Vor der Flurbereinigung 1969 wurden die Trauben von den einzelnen Winzern noch selbst gepresst, in Holzfässern ein- gelagert und ausgebaut. Verkauft wurde er dann entweder an Privatleute, die sich den gewünschten Wein oft in eine mitgebrachte Korbflasche füllen ließen, oder an Großhändler. Nach der Flurbereinigung bauten immer weniger Winzer ihren Wein selbst aus und lieferten statt dessen die Trauben ab.

Da die Landwirtschaft in Kleinniedesheim noch eine recht große Rolle spielt, werden die Wingerte heute oft von den Landwirten mitbewirtschaftet und die Trauben meist an die Winzergenossenschaft Palmberg in Laumersheim geliefert. Die Weingüter Merkel und Westkirch sind noch die einzigen, die ihre Trauben im eigenen Betrieb keltern, ausbauen und auf der Flasche verkaufen.

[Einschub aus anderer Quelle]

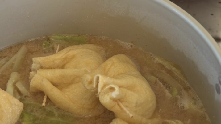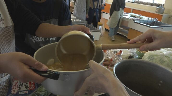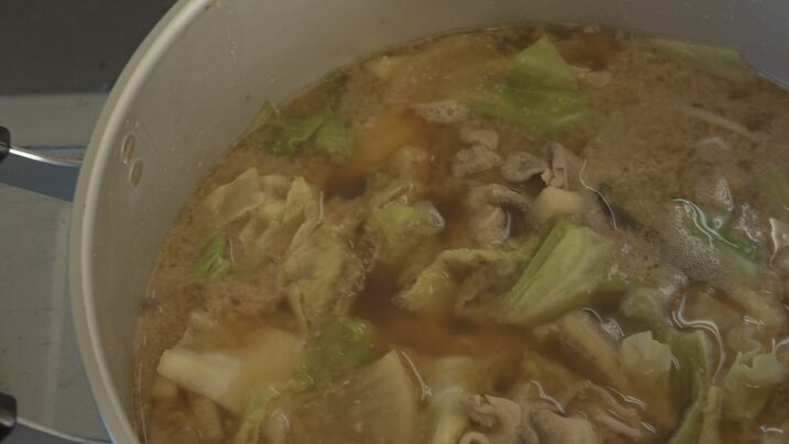 4日は、これまでに決めた上越産の酒かすと町田醤油味噌醸造場の醤油を使ったスープにダイコンやキャベツ、豚肉などを入れて煮込みました。

Die geringe Rebfläche in Verbindung mit der Lage abseits der Weinstraße und somit der großen und bekannten Weinbauorte führt dazu, dass der Ort in Bezug auf Wein recht unbekannt ist. Was aber nicht heißt dass in Kleinniedesheim unbedeutende oder gar qualitativ minderwertige Weine wachsen. Dieses manchmal zu hörende Vorurteil widerlegen die zahlreichen Auszeichnungen, die die KIeinniedesheimer Weine regelmäßig erhalten. Spätestens bei einer Weinprobe werden sie erleben, dass sich die KIeinniedesheimer Winzer sehr viel Mühe machen und sich ihre Weine durchaus mit bekannten Weinen messen lassen.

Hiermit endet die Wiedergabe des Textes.